Scott Smith, the manager of apparatus engineering for Southern California Edison, of Rosemead, California, says his utility has deployed composite poles instead of wooden ones to support lines carrying 34,500 V or less, the voltage typically required for residential areas, in locations where wooden poles have unusually short service lives. “One of the places we use them is in the foothills, where we have a woodpecker problem,” says Smith. “Woodpeckers can destroy a wood pole in just six months.” Southern California Edison also uses the new poles in areas where termites are a problem; woodpeckers and termites generally cannot damage composite poles, Smith says. And because the poles are resistant to moisture, they are also useful in Southern California’s coastal environment, he adds. What is more, composite poles are more likely to survive the region’s infamous brush fire season than are wood poles, Smith says.
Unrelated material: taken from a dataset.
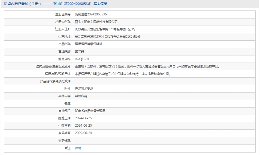 本品适用于在腹腔内窥镜手术中气腹建立和维持,建立视野和操作空间。

Michael Tenace, the technical director of RS Technologies Inc. a manufacturer of resin poles based in Calgary, Alberta, says that his firm’s staff of civil engineers designed the poles, which are manufactured in modules of standard size that can be configured to build poles ranging in length from 30 to 120 ft. (9 to 30.5 m) and in diameter from 1 to 4 ft. (0.3 to 1.2 m). Although the firm’s civil engineers can also assist utilities in designing soil amendments to help keep the poles in place in locations where the ground is less than suitable, most installations require no such intervention, he says. “There are no foundations necessary,” says Tenace, who adds that “since it’s a lighter structure than steel, wood, or concrete, you can often simply bore a hole, drop it in, and backfill.”

Smith says that because the poles are lighter than those made with other materials, they are ideal for use in national forests, where the most environmentally benign method of delivery is by helicopter. Glen Barefoot, the corporate marketing manager for Strongwell, a firm based in Bristol, Virginia, that sells poles made of fiber-reinforced polymer, says that his company’s 55 to 80 ft. (16.7 to 24.4 m) long one-piece poles weigh just a 10th as much as comparably sized concrete poles. Don Williams, the chief executive officer for Duratel, a Chicago-based firm that makes pultruded composite poles, says that a standard 40 ft. (12 m) tall wood utility pole with a bearing capacity of 2,400 lbs. (1,100 kg) typically weighs 1,100 lbs. (500 kg), whereas a composite pole of the same size and capacity made by his firm weighs just 305 lbs. (138 kg).

Composite poles are also more likely to bend than to break in very strong winds, making them preferable to poles of wood or concrete in tornado- and hurricane-prone regions or under ice loads, according to the manufacturers “Wood breaks at eighty-plus miles an hour,” whereas Duratel’s poles can withstand wind up to 150 mph (240 km/h), Williams says.

Some of the poles are sold in sections, making them easier to transport on smaller vehicles than would be the case with full-sized poles. Smith says his utility has opted for RS Technologies Inc.’s tapered pole sections, which can be nested inside one another, for use in residential backyards. “It’s hard to get poles into a backyard,” he says, and the labor costs of doing so are high.

Because their initial costs can be 2 to 20 times as much as those of poles made from more traditional materials, composite poles are unlikely to replace all other types anytime soon. But Smith says, “If you look at the way we use them, a high woodpecker area, or a high moisture area, you might only get a year to ten years out of a wooden pole.” By contrast, the manufacturers say composite poles ought to last 40 to 125 years, even under harsh conditions.